February 1, 2013 by Eric G. Bing

Dr. Vikrant Sahasrabuddhe is well known for his pioneering work on cervical cancer among HIV positive women.  I caught up with him at the recent International AIDS Meeting in Washington DC.  In our interview, he discusses his groundbreaking research the he conducted with a $25,000 grant as a graduate student.  For his doctoral dissertation, he worked with Dr. Groesbeck Parham and found that among 150 HIV positive women studied in Zambia, more than 50% had cervical cancer or pre-cancerous cervical lesion – among the highest rates ever documented at the time.  This ground breaking work helped lead to the development of the Center for Infectious Disease Research in Zambia (CIDRZ), which is now the key focal point of Pink Ribbon Red Ribbon activities through the Ministry of Health in Zambia. Since the program was launched in Zambia in 2006 as PEPFARs flagship cervical cancer prevention program almost 85,000 women have been screened.
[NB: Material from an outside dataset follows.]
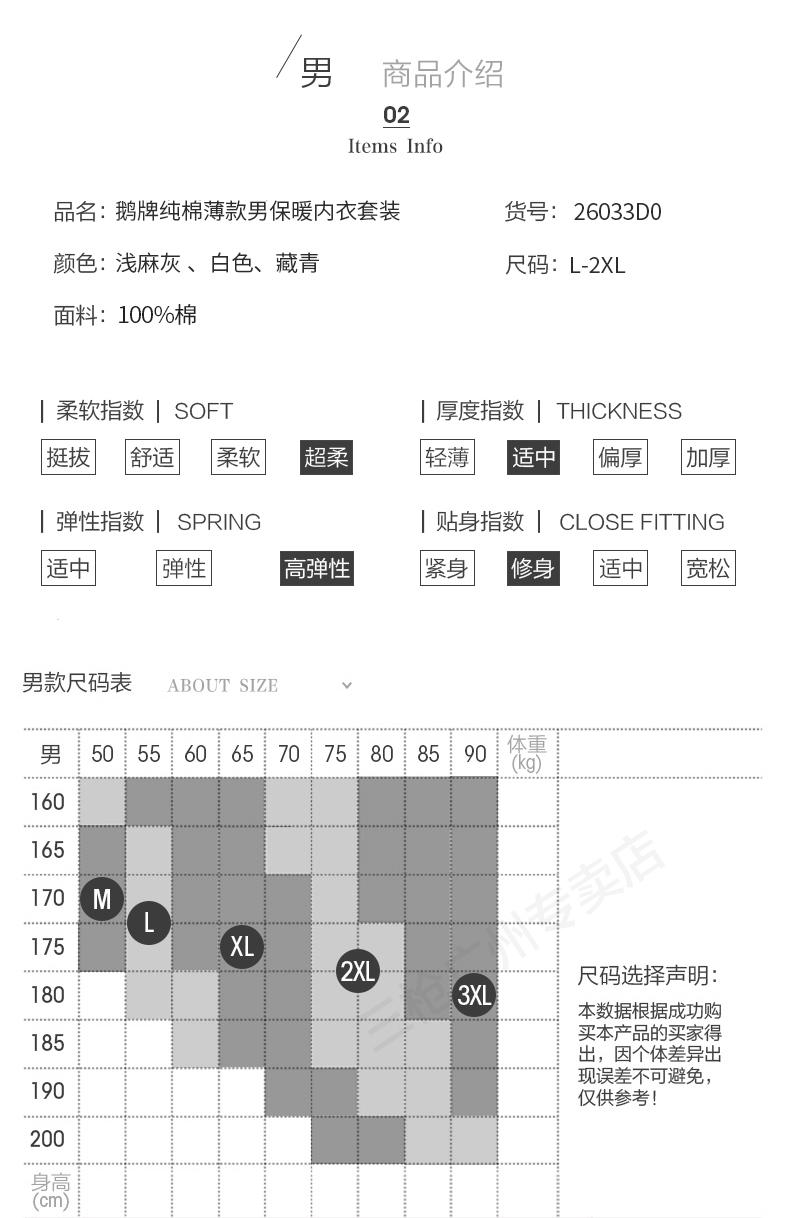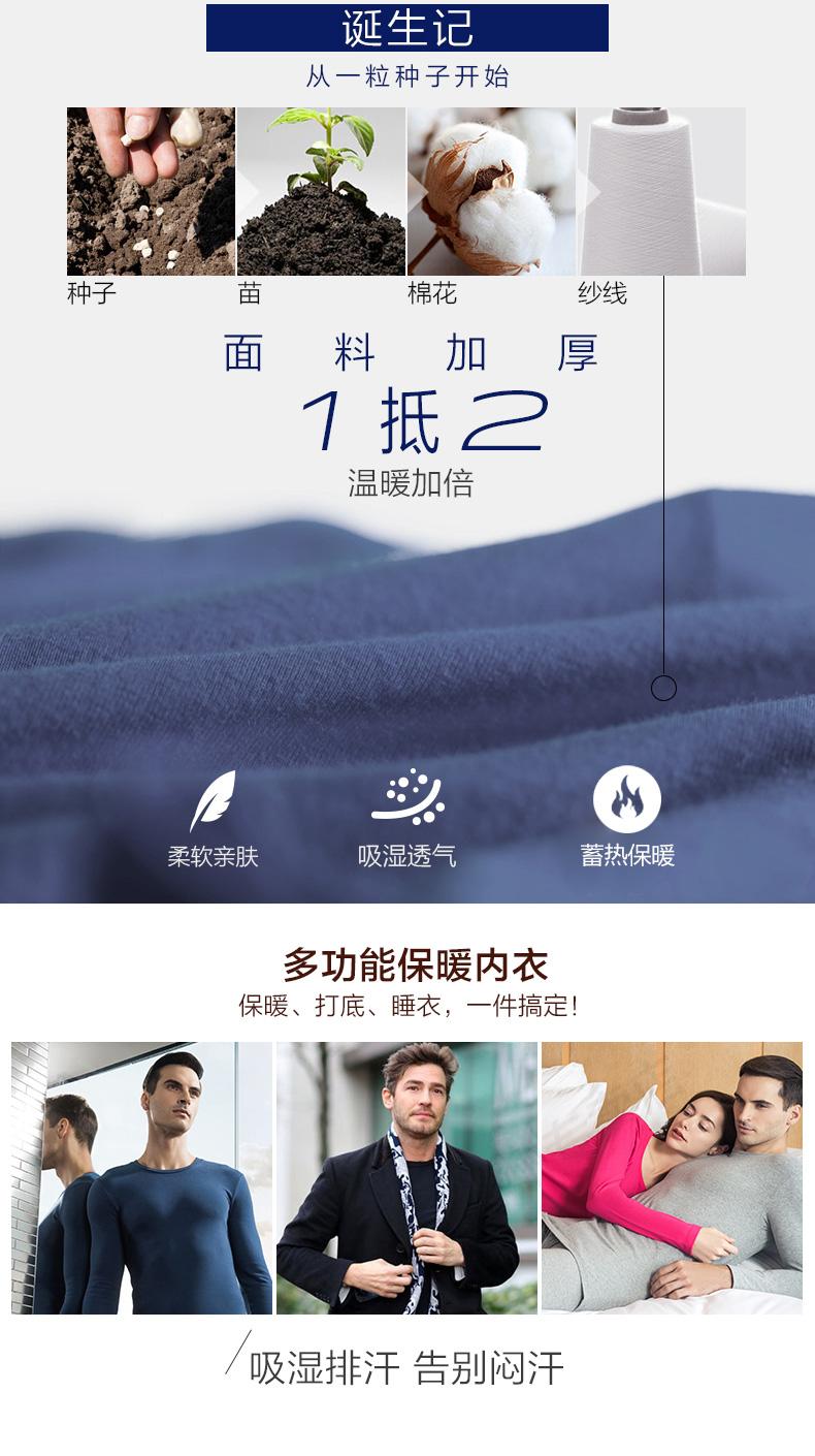 这款保暖套装采用100%精梳棉面料,比普通棉更亲肤柔软,吸湿透气性好,不易闷热捂汗,穿着舒适。修身版型,上身不臃肿,内搭不外漏;下摆采用双线锁边工艺,耐磨耐穿;内嵌式橡筋腰带设计,弹性不勒,提升穿着舒适度。

Over 175 healthcare professionals from 10 African countries have been trained in Zambia and the program has been replicated in 8 of these.  I traveled with President and Mrs. Bush in July to witness the dedication of CIDRZ as the African Center of Excellence for Women's Cancer Control. On July 27, 2012, Dr. Sahasrabuddhe received the Young Investigator Award at the International AIDS Conference in Washington, DC for his HIV-related cancer research.  This award is given to exemplary young scientists “who demonstrate innovation, originality, rationale and quality in the field of HIV/AIDS research.” Dr. Sahasrabuddhe is currently an Assistant Professor at Vanderbilt University and research fellow at the National Cancer Institute.